START Entries provided

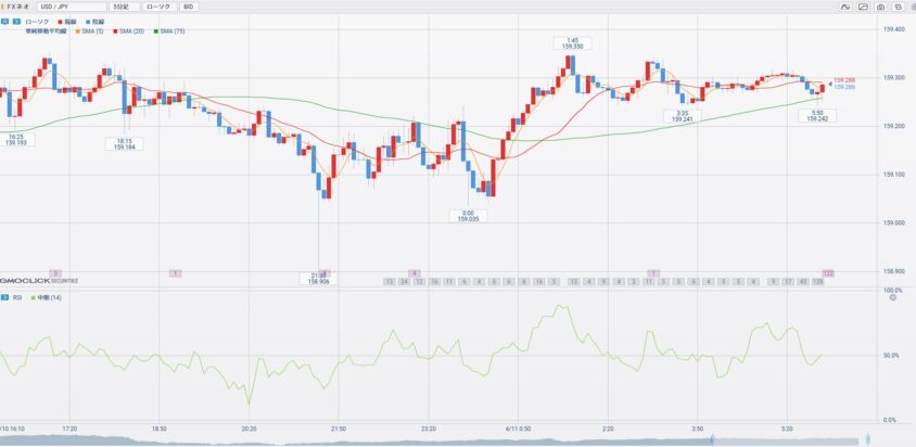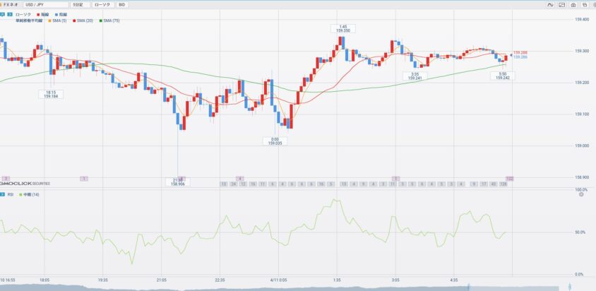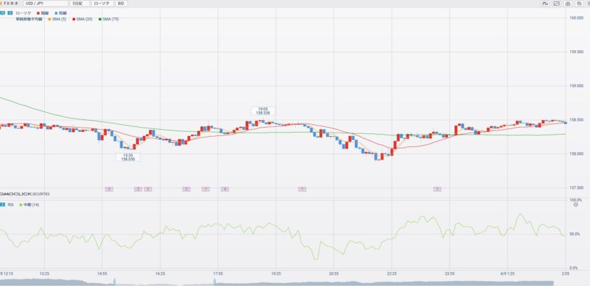 使うテクニカル指標はたったの2種類。移動平均線(MA)とRSIだけ。シンプルに見えるかもしれないけど、これで十分なの。余計な指標を増やしても、シグナルが矛盾して判断に迷うだけよ。
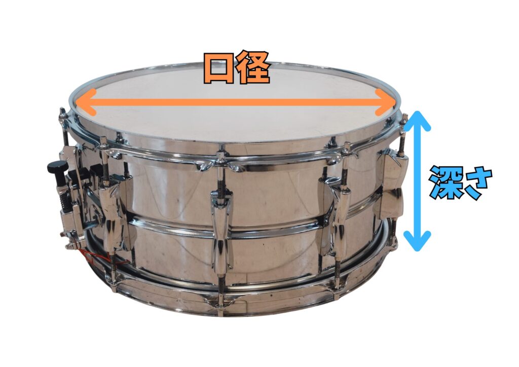 口径とは、スネア自体の円の大きさの事。口径が大きくなればなるほど、低い音が出るようになっていて、小さくなればなるほど、高い音が出るようになっています。
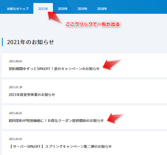 年をクリックすると、一覧が出るので、今やっているキャンペーンがないか、複数あるならそれぞれチェックして、自分が気に入ったものをチェックしておきましょう。
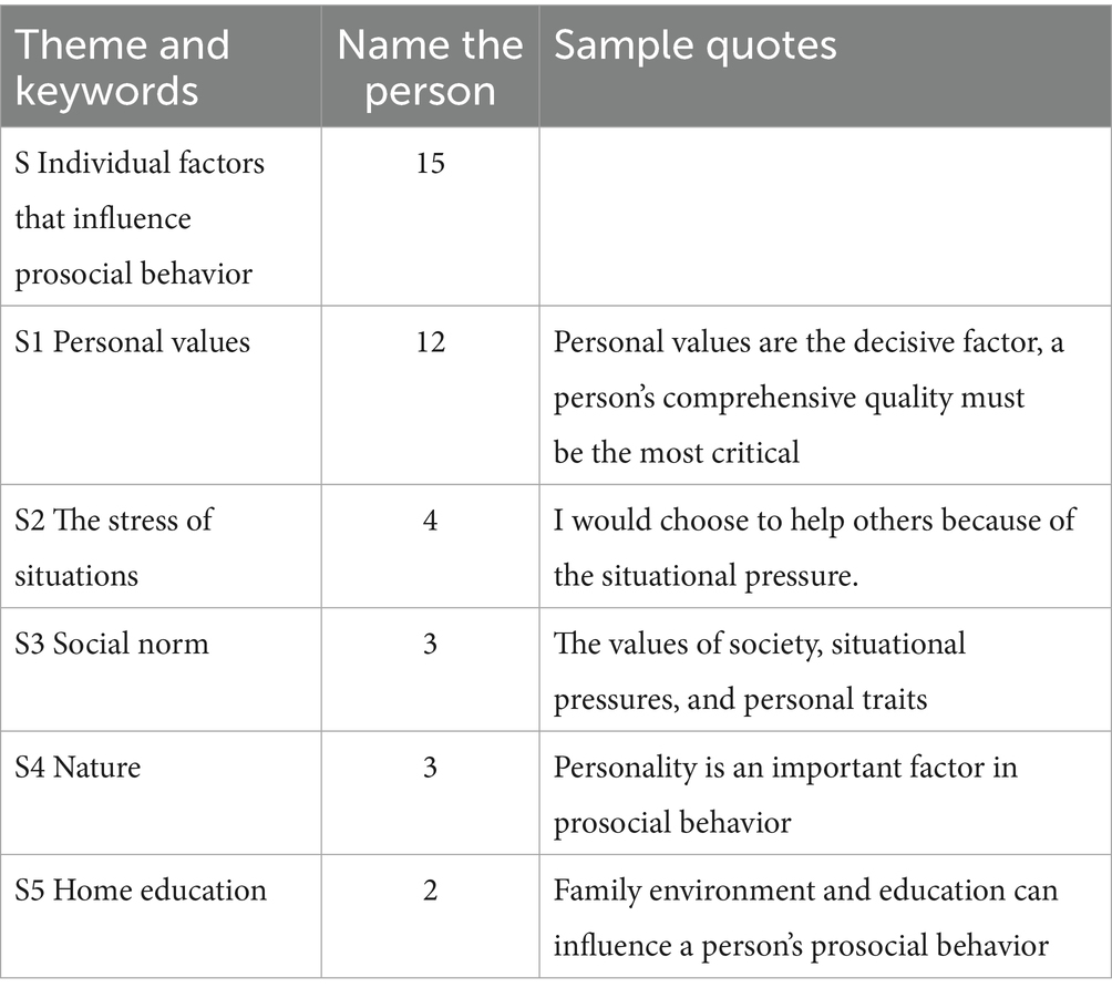 Among the interviewees, 15 indicated that prosocial behavior is related to individual personality and values. Twelve of them stated that it is associated with personal values, suggesting that individuals with higher overall qualities are more likely to help others; four mentioned that it is linked to situational stress, helping others due to pressure from social situations; three noted that it is tied to social norms, as societal values influence prosocial behavior; three noted that it is related to one’s personality, with naturally outgoing individuals having a stronger inclination toward prosocial actions; and two mentioned that it is connected to the family environment and education, noting that if the family environment is harmonious, the motivation for prosocial behavior tends to be stronger. For more details, see Table 4.
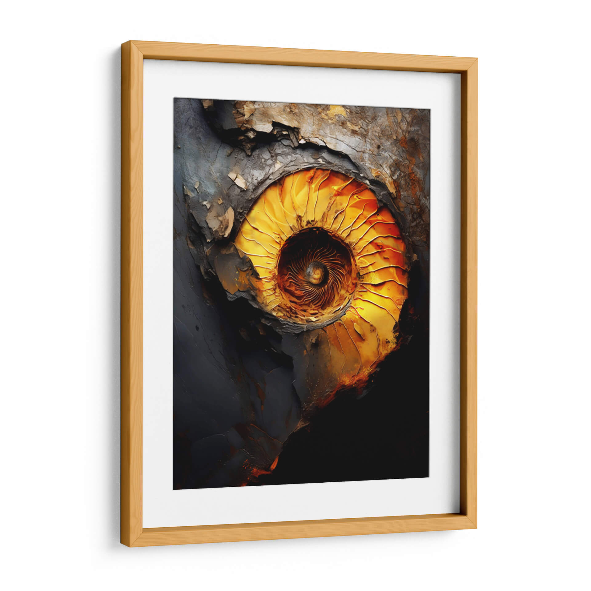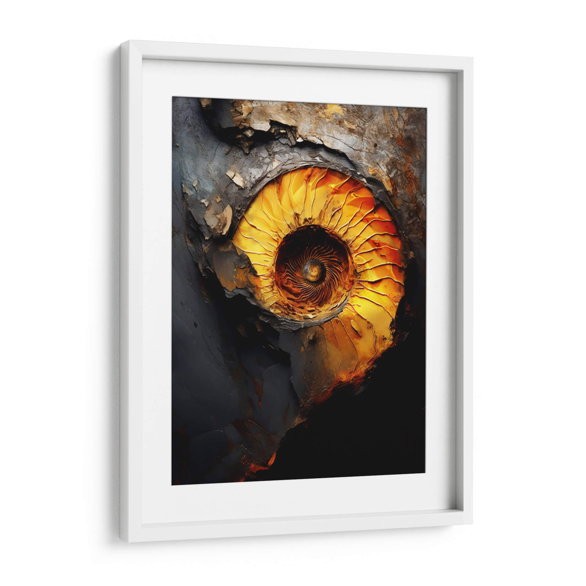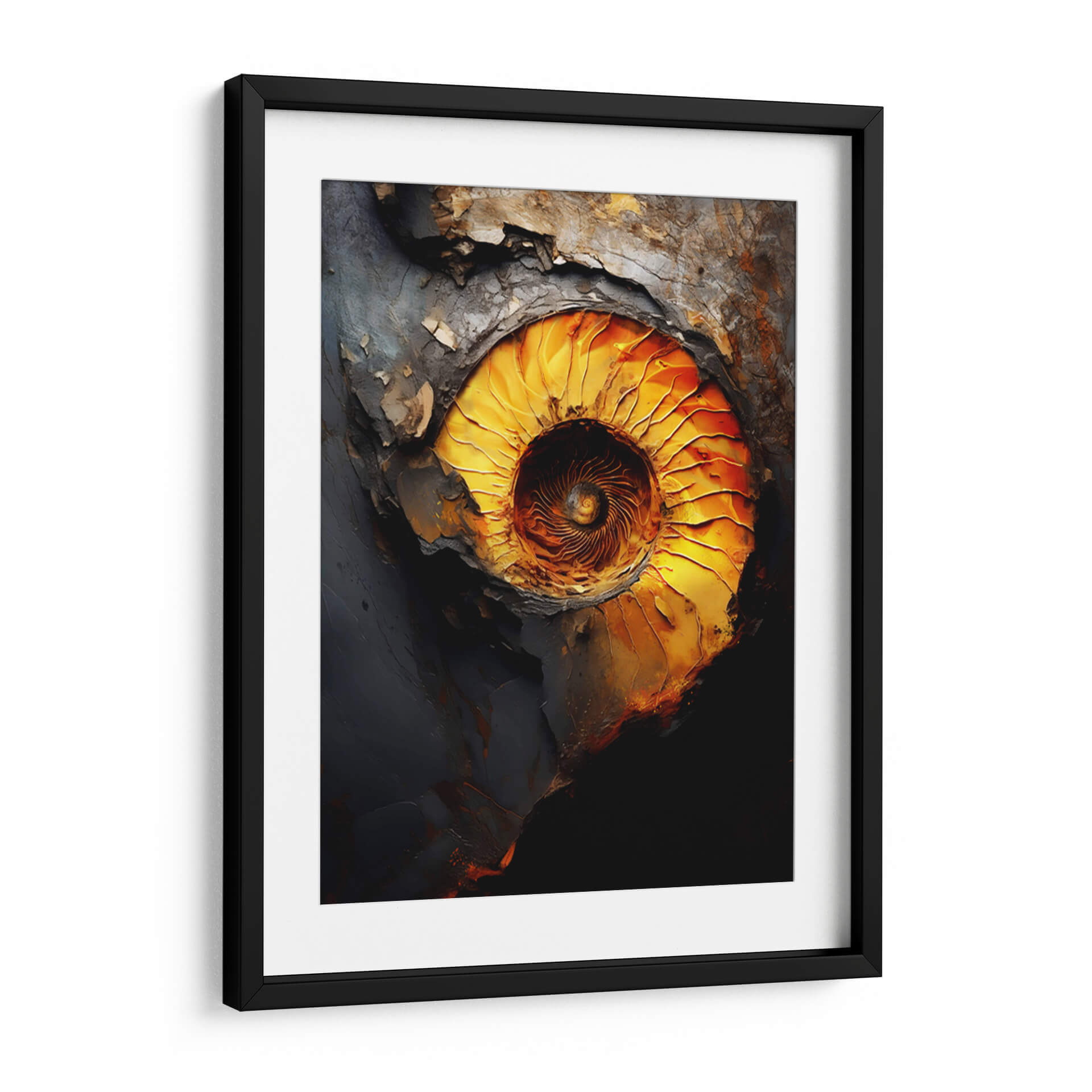 Sumérgete en la fascinante espiral de "El Caos de la Perfección", una obra maestra de Raúl Bermudez que captura la complejidad de la forma y el color. Esta pieza abstracta explora la profunda conexión entre el orden y el desorden, representada a través de una paleta de colores vibrantes que van desde intensos dorados y naranjas hasta profundos grises y negros. La composición evoca la fuerza de la naturaleza, remitiendo a la estructura intrincada de un fósil o un remolino cósmico. Cada pincelada, cargada de textura y emoción, invita a la contemplación, creando un punto focal dinámico para cualquier espacio. "El Caos de la Perfección" es más que un simple cuadro decorativo; es una ventana a la reflexión sobre la belleza que reside en las dualidades de la existencia. Ideal para salas de estar modernas, estudios o cualquier lugar donde se busque inspirar conversación y admiración. Transforma tu hogar con este cuadro abstracto que combina la energía cruda con una elegancia sorprendente, añadiendo un toque de sofisticación contemporánea y misterio.
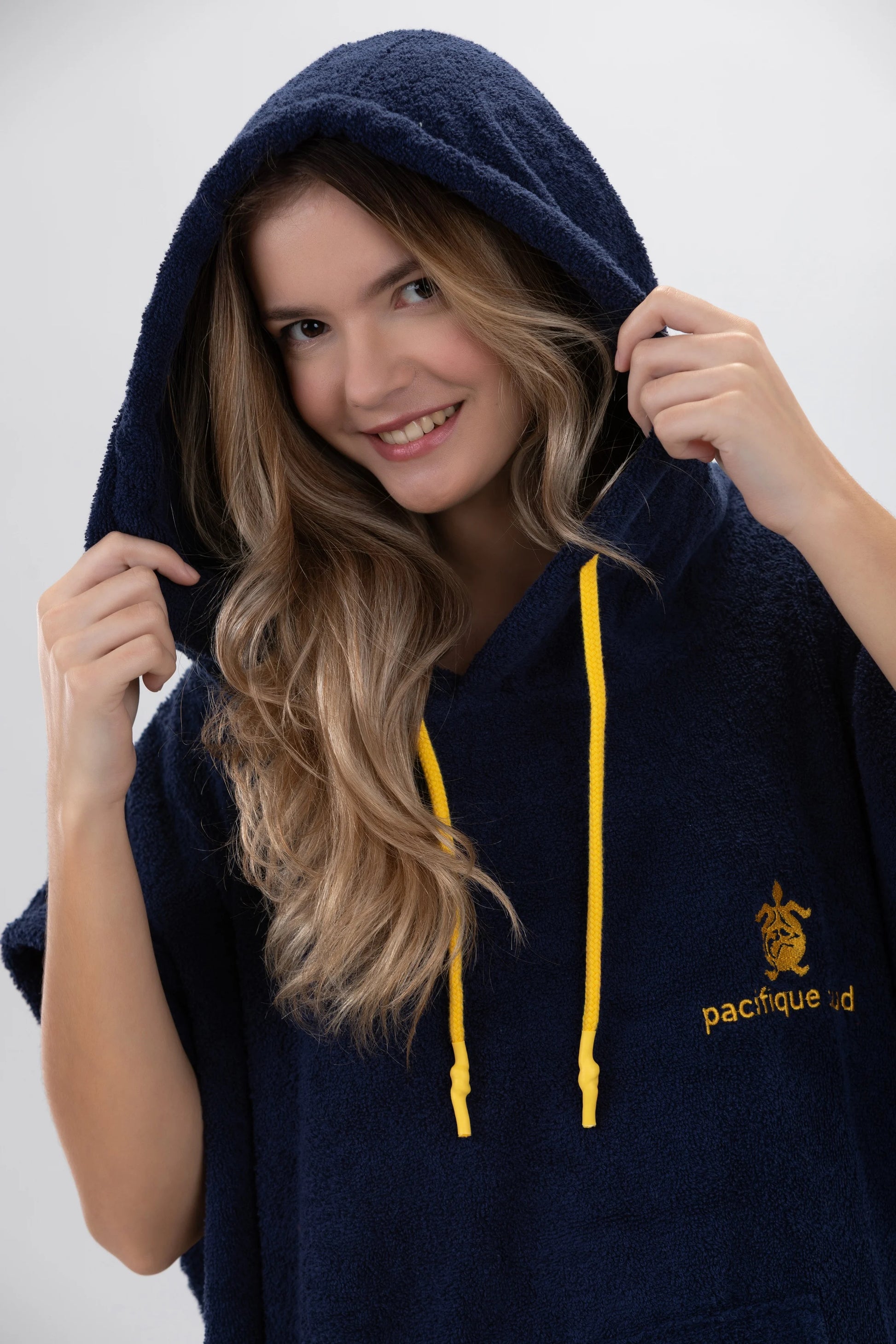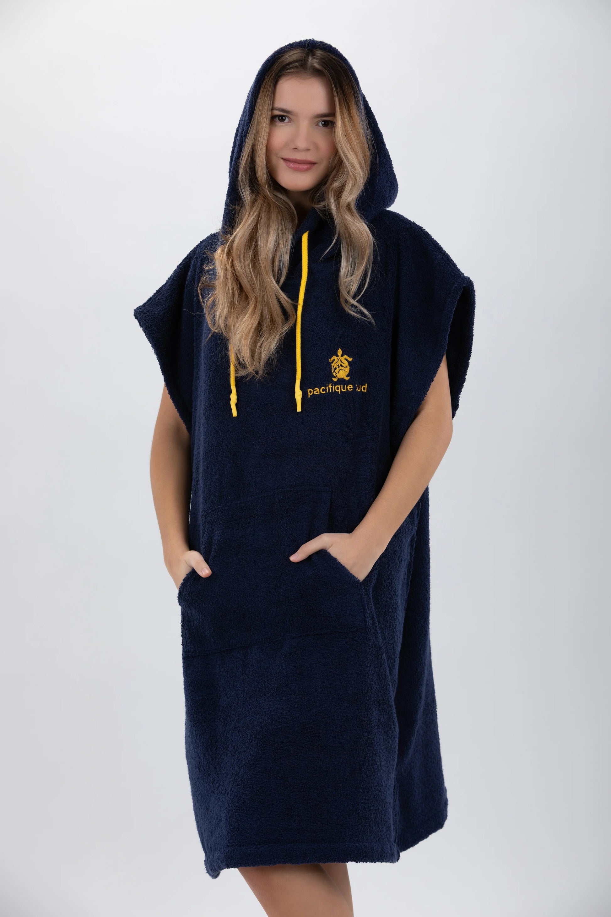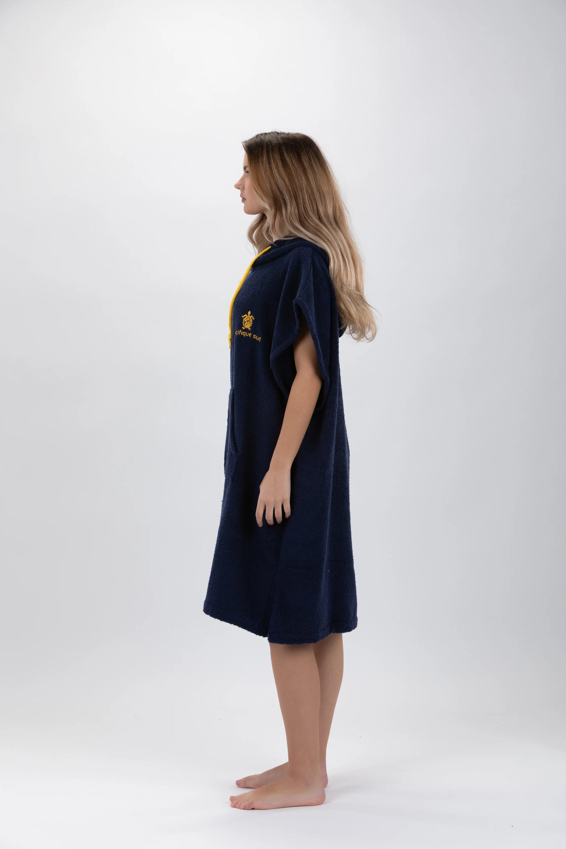 Dieser dunkelblaue Poncho von Pacifique Sud ist mal eine andere Art von „Bademantel“. Ich hatte ihn mit zum Strand. Er ist nicht nur zum Umziehen super geeignet, auch zum Chillen nach dem Baden ist er toll. Der einlagige Frottee ist dicht und kuschelig. Der Schnitt ist lässig und bequem. Mir gefällt besonders die große Kapuze - die mittels Zugband enger geschnürt werden kann. Und die Känguru-Tasche am Bauch ist einfach praktisch. Vor dem ersten Tragen habe ich den Poncho gewaschen, danach hat der Frottee nicht mehr gefusselt. Sowohl die Waschmaschine, als auch den Wäschetrockner hat der Poncho überstanden, ohne einzulaufen. Und der Frottee wird nach dem Trocknen im Wäschetrockner besonders weich und kuschelig.Zur Größe hat der Hersteller den Hinweis gegeben, dass der Poncho bei Personen mit einer Größe von +/- 1,75 cm und einem Gewicht von +/- 75 kg optimal sitzt. Das finde ich realistisch. Bei größeren Personen fällt der Poncho sonst recht kurz aus.Fazit:Der Bade-Pocho ist praktisch, bequem und sieht lässig aus - ich bin sehr zufrieden 👌🏻

END Entries provided

### [Exercise objective]
Using the data above, output the line that has "年をクリックすると、一覧が出", the line that has "Among the interviewees, 15", and whatever lines fall between, each exactly as it stands and without pictures.

### [Expected output]
 年をクリックすると、一覧が出るので、今やっているキャンペーンがないか、複数あるならそれぞれチェックして、自分が気に入ったものをチェックしておきましょう。
 Among the interviewees, 15 indicated that prosocial behavior is related to individual personality and values. Twelve of them stated that it is associated with personal values, suggesting that individuals with higher overall qualities are more likely to help others; four mentioned that it is linked to situational stress, helping others due to pressure from social situations; three noted that it is tied to social norms, as societal values influence prosocial behavior; three noted that it is related to one’s personality, with naturally outgoing individuals having a stronger inclination toward prosocial actions; and two mentioned that it is connected to the family environment and education, noting that if the family environment is harmonious, the motivation for prosocial behavior tends to be stronger. For more details, see Table 4.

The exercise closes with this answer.